You have seen rate cuts in the past. You have seen measures by the RBI to make sure that there is transmission of liquidity and that liquidity percolates down the value chain and that has not happened. Let us not talk about what is happening with the AAA-rated companies; only they are getting access to liquidity but the fact also is you have got nearly Rs 8 lakh crore parked by the banks given what is happening today in the ecosystem. It almost seems criminal that the Rs 8 lakh crore is just being parked and nothing has been done about it. What is it that the RBI and the government can do together to make sure that those funds with the banks are indeed used optimally?

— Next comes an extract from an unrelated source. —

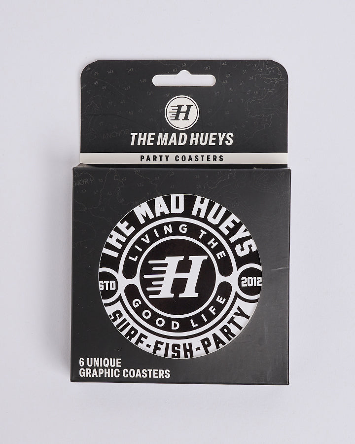 Features a unique Hueys print on each coaster
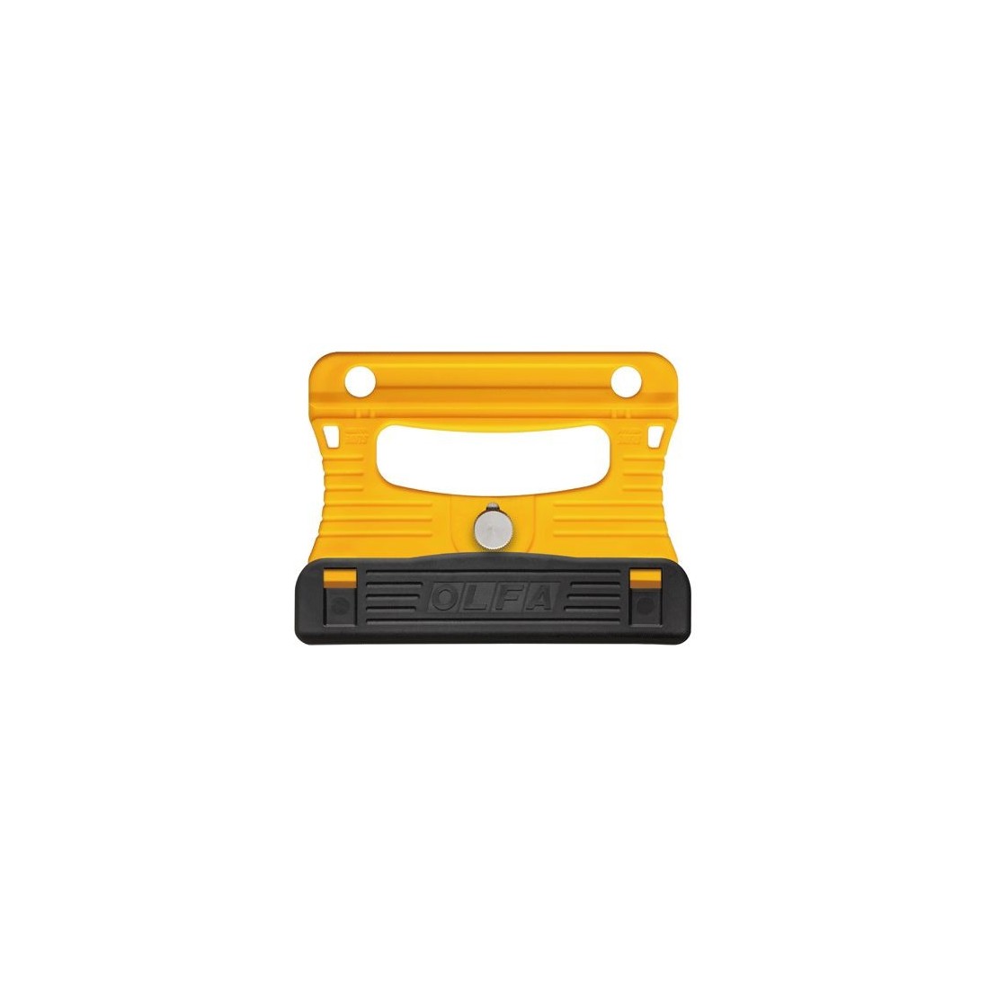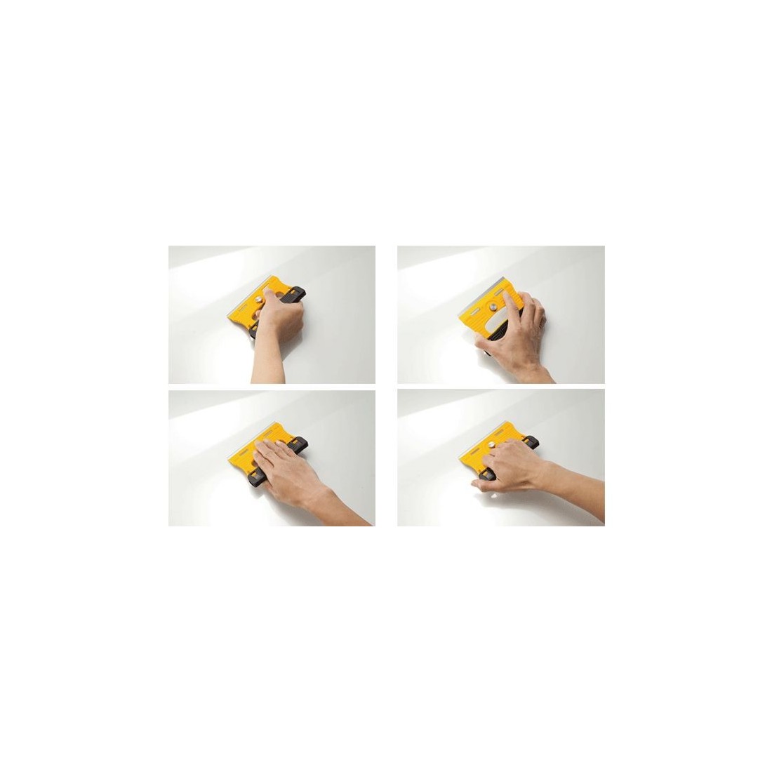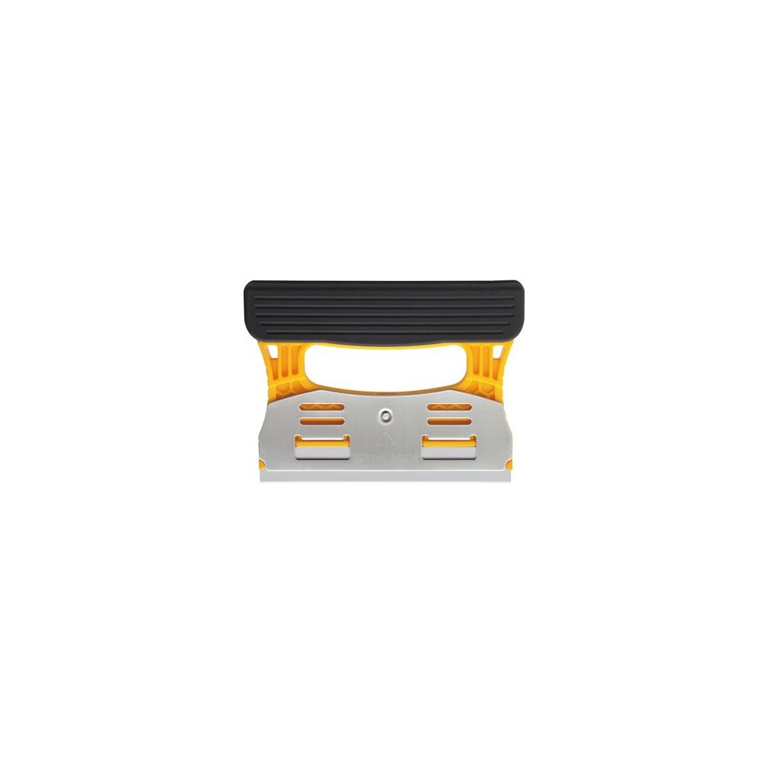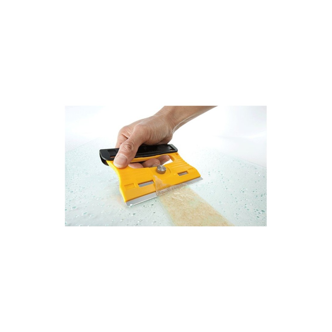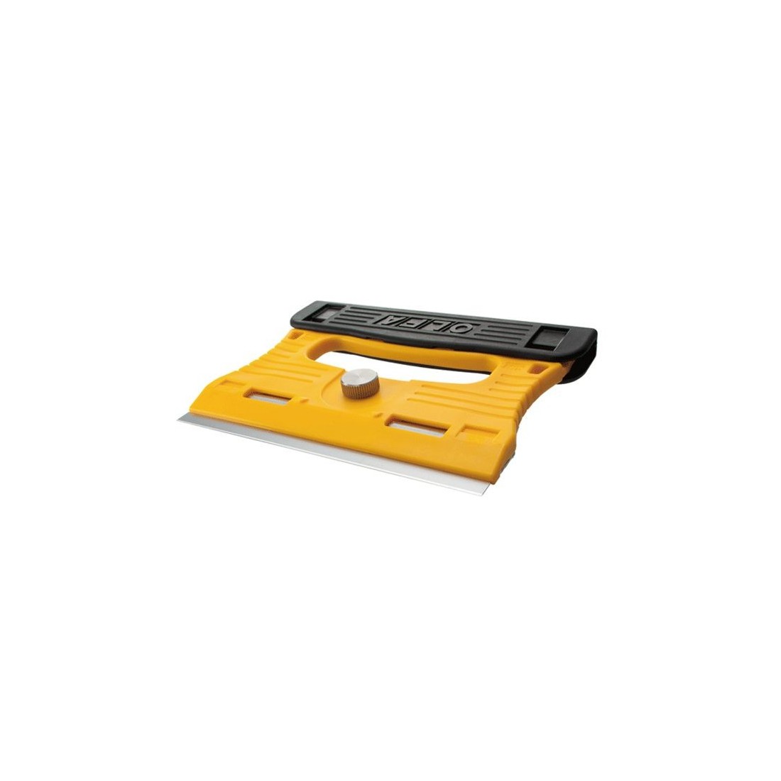 Rowkowanie na żółtej powierzchni uchwytu i czarnej osłonie ostrza pomagają znaleźć pewny i wygodny sposób trzymania narzędzia. Skrobak jest bardzo lekki, waży tylko 115 gramów

The issue of transmission is really a serious one and we take it very seriously. For example, the government announced last week that it would be doing a 100% guarantee for the additional loans given out to the MSME sector. So we fully appreciate this particular problem with transmission. If you look at the government bond market, while short-term interest rates have declined very sharply, even after this announcement you can see that 10-year yields have dropped to somewhere in the 5.85% which in my view is very-very high even now. I think it should be down maybe below 5% at this point.

Anyway, the point is we take this matter seriously and we are now working very closely with the banks and understanding their concerns. But at the same time, we are also making sure that there is no cascade of defaults. That is one of the issues that obviously we are concerned about and you can see that we are providing moratoriums. The IBC has been laid off and put aside for about a year. So this is not about having one grand set of measures in the beginning. We have to continuously nuance it according to what we do, the feedback we get and then again do it. And we have to have some ammunition for the next round of steps if necessary. So this is something we will take your feedback on and on transmission, we fully agree with you and we will do what is necessary.